═══ Data ═══

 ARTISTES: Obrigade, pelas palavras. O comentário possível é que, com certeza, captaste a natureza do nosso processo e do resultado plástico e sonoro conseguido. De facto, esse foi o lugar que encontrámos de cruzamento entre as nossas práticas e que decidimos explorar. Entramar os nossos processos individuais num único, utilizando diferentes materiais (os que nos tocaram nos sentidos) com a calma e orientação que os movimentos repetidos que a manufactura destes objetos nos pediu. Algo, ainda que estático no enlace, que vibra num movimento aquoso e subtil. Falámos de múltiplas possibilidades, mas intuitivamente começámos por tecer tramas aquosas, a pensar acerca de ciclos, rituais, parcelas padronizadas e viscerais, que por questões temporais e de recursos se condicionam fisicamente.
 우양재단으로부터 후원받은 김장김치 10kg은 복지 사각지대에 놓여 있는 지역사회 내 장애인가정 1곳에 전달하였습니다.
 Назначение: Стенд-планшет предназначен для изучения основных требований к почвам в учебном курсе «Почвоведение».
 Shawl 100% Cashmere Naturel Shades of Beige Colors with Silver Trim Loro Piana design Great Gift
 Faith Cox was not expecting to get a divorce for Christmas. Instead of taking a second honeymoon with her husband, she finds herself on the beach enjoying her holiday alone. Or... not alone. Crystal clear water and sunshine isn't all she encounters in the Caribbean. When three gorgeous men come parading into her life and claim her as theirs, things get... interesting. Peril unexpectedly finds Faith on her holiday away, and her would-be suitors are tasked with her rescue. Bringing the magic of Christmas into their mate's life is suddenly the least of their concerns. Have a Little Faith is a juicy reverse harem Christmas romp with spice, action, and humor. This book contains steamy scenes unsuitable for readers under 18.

═══
═══ Data ═══

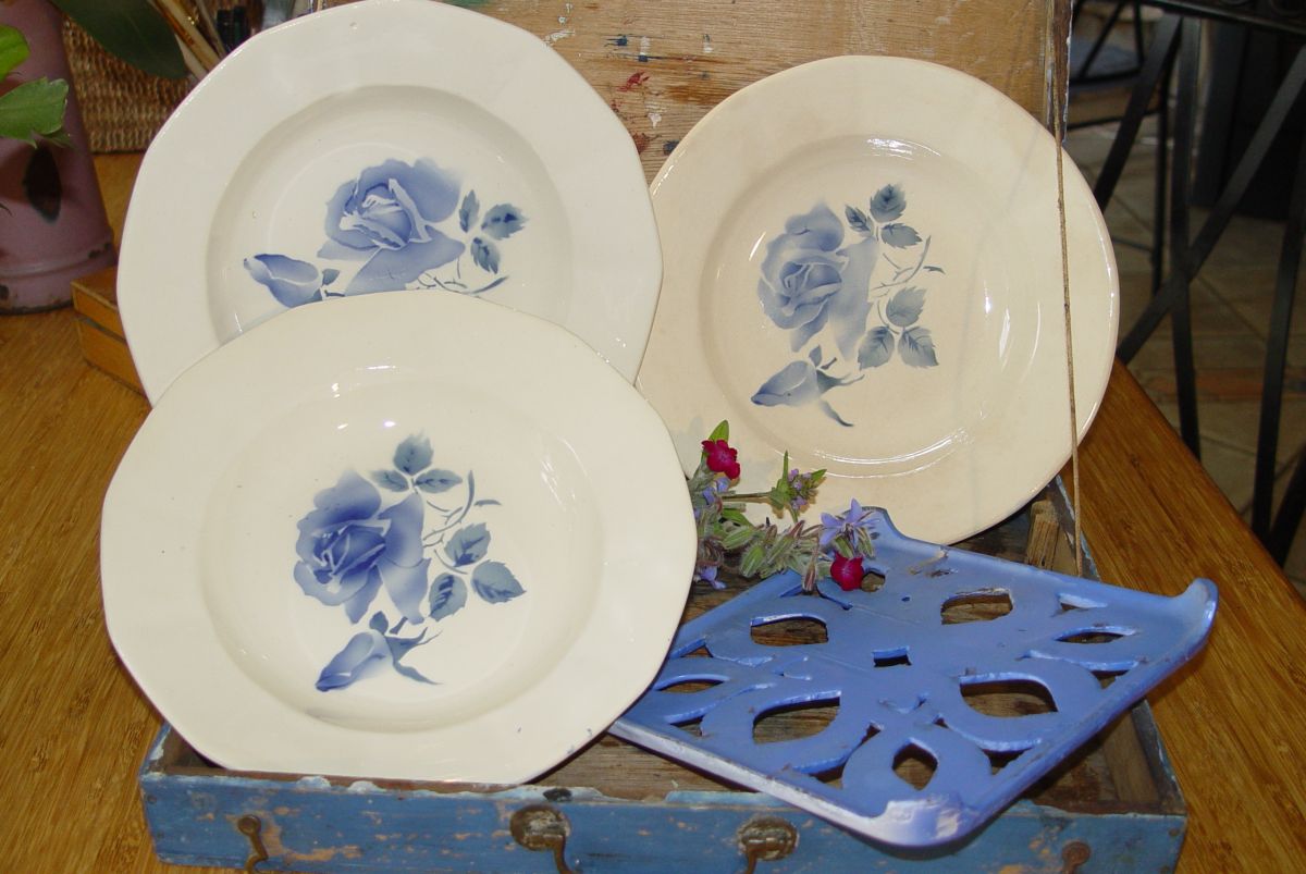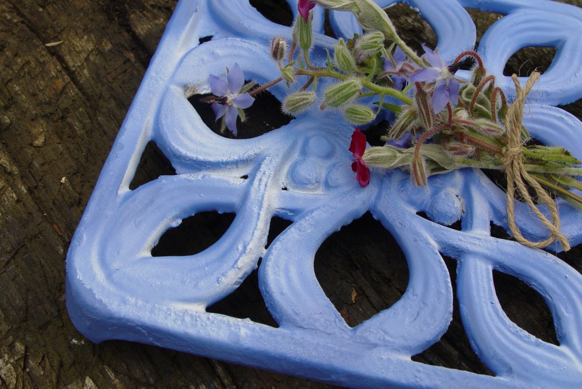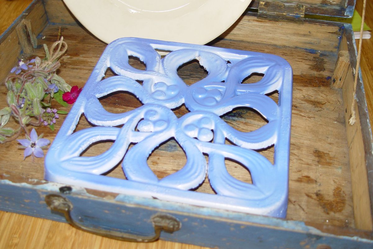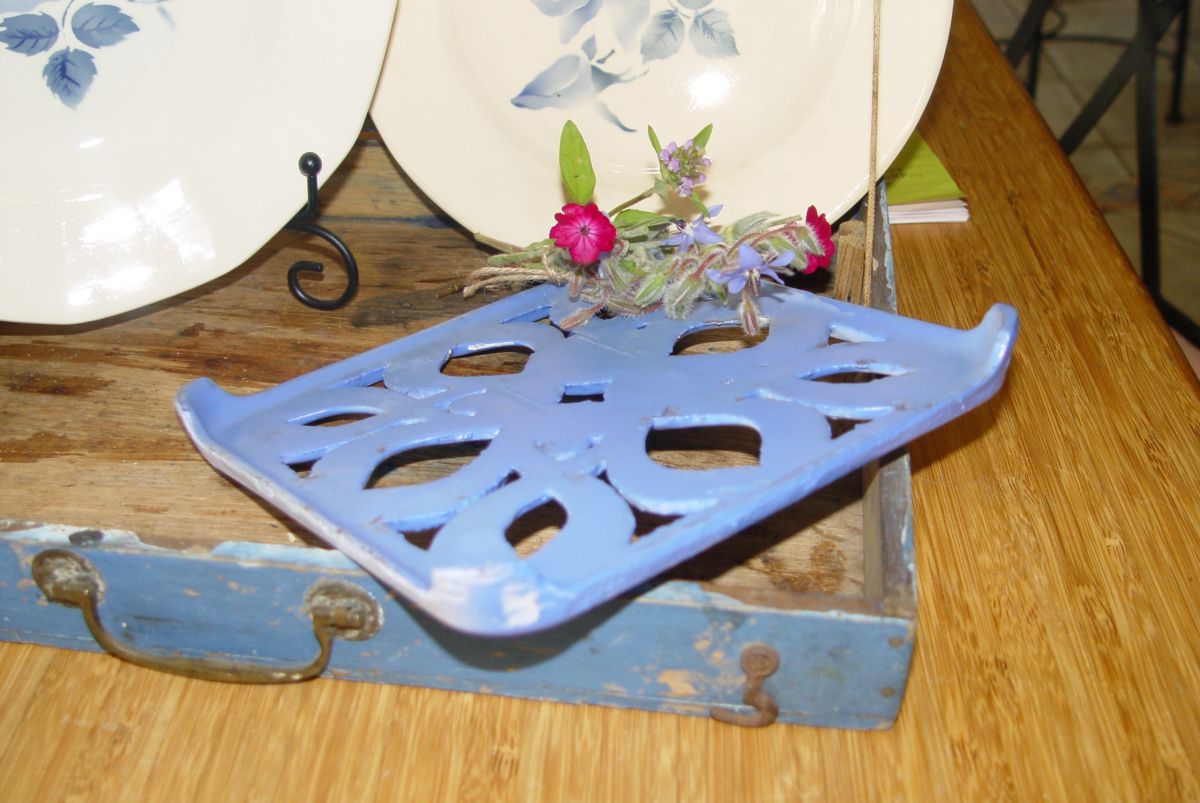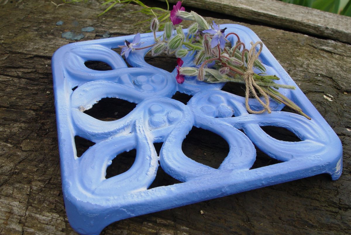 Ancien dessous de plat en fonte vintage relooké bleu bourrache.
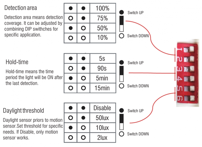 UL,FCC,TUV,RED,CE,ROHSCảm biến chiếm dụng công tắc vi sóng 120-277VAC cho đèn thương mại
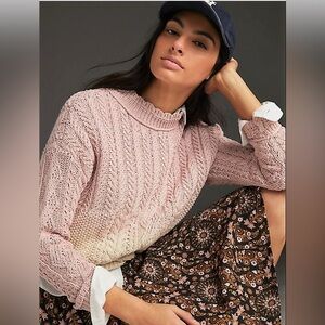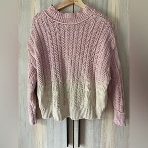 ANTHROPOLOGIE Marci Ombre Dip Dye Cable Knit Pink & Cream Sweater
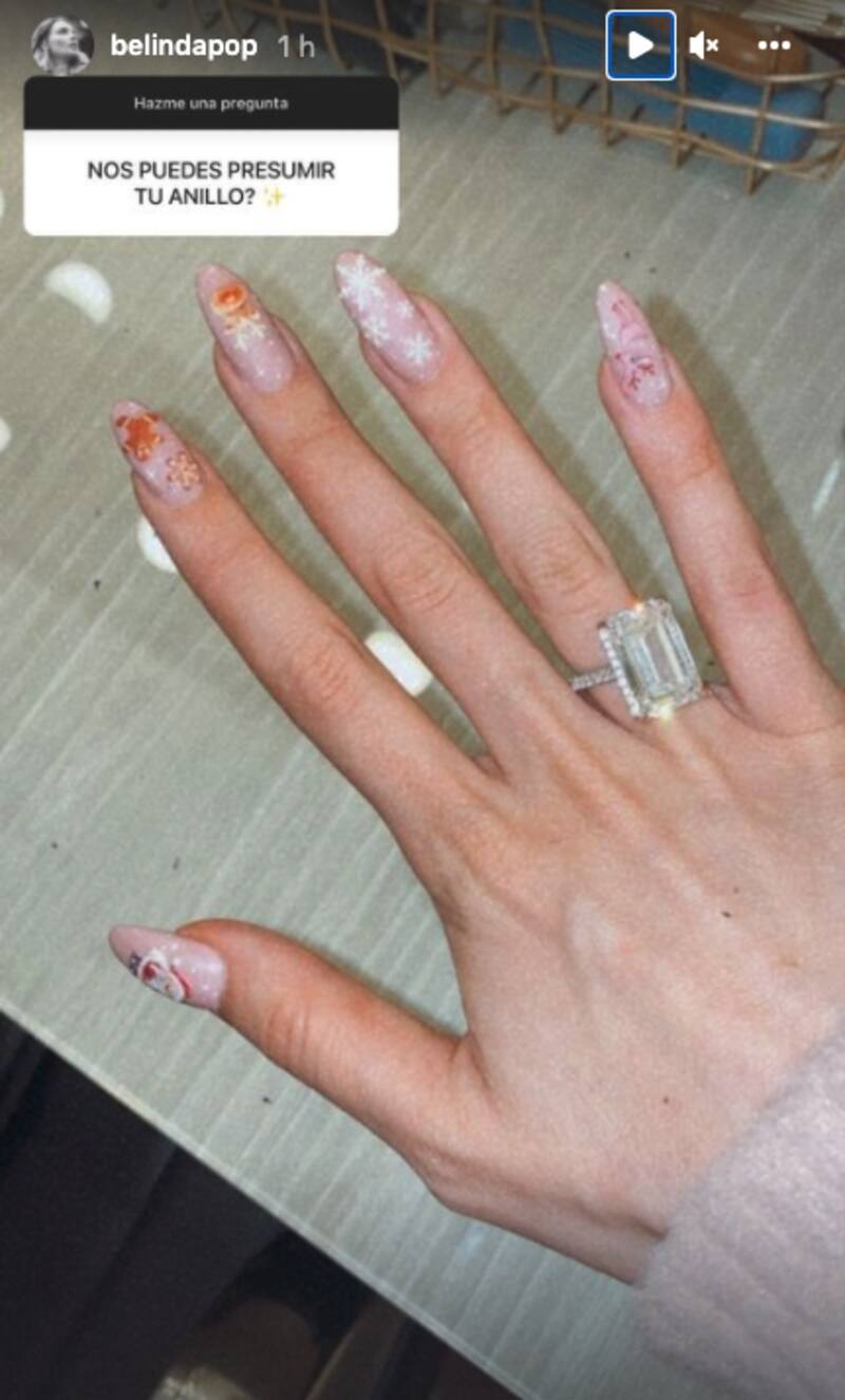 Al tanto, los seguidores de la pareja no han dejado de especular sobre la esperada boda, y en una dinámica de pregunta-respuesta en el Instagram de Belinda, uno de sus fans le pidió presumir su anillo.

═══
═══ Data ═══

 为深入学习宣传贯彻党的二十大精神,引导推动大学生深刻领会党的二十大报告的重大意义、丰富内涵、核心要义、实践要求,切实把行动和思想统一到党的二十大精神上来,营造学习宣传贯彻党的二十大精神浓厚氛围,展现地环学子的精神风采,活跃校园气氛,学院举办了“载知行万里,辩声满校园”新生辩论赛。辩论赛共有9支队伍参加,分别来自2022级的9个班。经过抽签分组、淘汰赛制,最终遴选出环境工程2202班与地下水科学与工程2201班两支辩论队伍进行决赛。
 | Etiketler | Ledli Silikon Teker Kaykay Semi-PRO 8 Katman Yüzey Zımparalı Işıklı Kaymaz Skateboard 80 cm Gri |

═══

> **Task details**:
Check the listing above for lines containing the string "with", and copy each one.

> **Expected output**:
 Shawl 100% Cashmere Naturel Shades of Beige Colors with Silver Trim Loro Piana design Great Gift
 Faith Cox was not expecting to get a divorce for Christmas. Instead of taking a second honeymoon with her husband, she finds herself on the beach enjoying her holiday alone. Or... not alone. Crystal clear water and sunshine isn't all she encounters in the Caribbean. When three gorgeous men come parading into her life and claim her as theirs, things get... interesting. Peril unexpectedly finds Faith on her holiday away, and her would-be suitors are tasked with her rescue. Bringing the magic of Christmas into their mate's life is suddenly the least of their concerns. Have a Little Faith is a juicy reverse harem Christmas romp with spice, action, and humor. This book contains steamy scenes unsuitable for readers under 18.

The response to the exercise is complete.